WORK INSTRUCTION >> With the pictures left out, transcribe exactly the lines from the one with "This mural’s calming" through the end of the data.

SUPPLIED DATA >>
────────────────────────────────────────

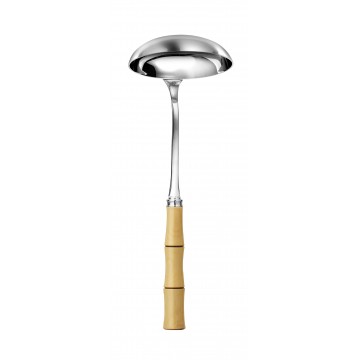 The soup ladle in the Byblos collection is defined by its bamboo-inspired relief and natural charm, creating an authentic decorative elegance that elevates the table without excess. Made for soups and veloutés, it allows generous, accurate serving with a gesture that feels fluid, comfortable and assured. Its natural spirit allows the collection to accompany both modern table settings and more traditional presentations with the same ease. Its format supports a stable grip and helps present broths and creamy soups with the same care as the rest of the meal. Choosing this designer soup ladle means opting for a chic, functional piece designed to enhance the table setting over time.
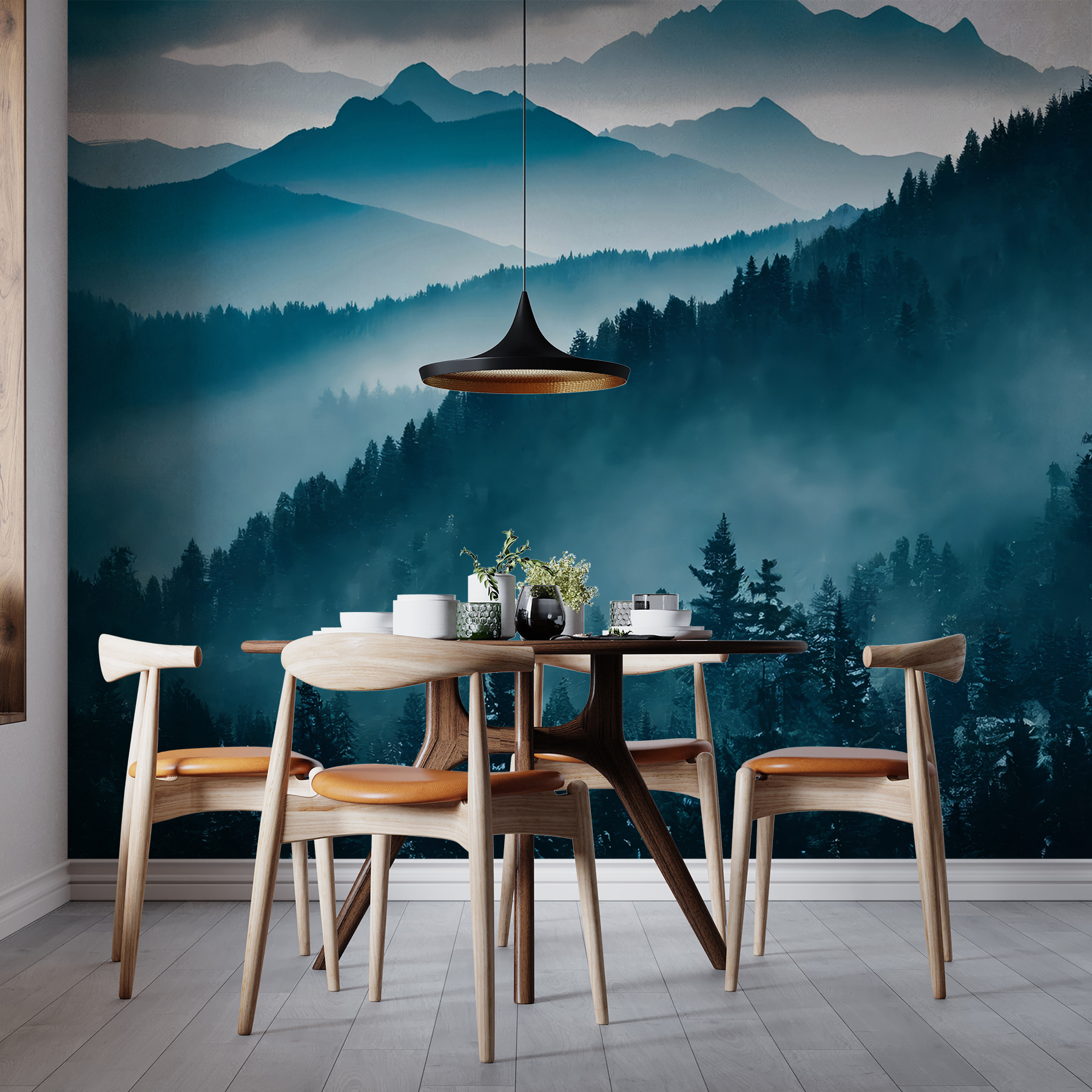 This mural’s calming hues and dreamy landscape can spark conversations, or simply let you daydream about winter adventures. Just picture a hot cup of cocoa in hand as this beautiful scene transforms your room into a tranquil retreat. Perfect for a living room, bedroom, or even an artsy workspace—who wouldn’t love a little winter magic in their everyday life?
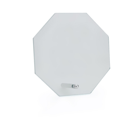 Награда в форме восьмиугольника из толстого стекла. Поставляется в подарочном футляре.

────────────────────────────────────────

PROBLEM SOLUTION >>
 This mural’s calming hues and dreamy landscape can spark conversations, or simply let you daydream about winter adventures. Just picture a hot cup of cocoa in hand as this beautiful scene transforms your room into a tranquil retreat. Perfect for a living room, bedroom, or even an artsy workspace—who wouldn’t love a little winter magic in their everyday life?
 Награда в форме восьмиугольника из толстого стекла. Поставляется в подарочном футляре.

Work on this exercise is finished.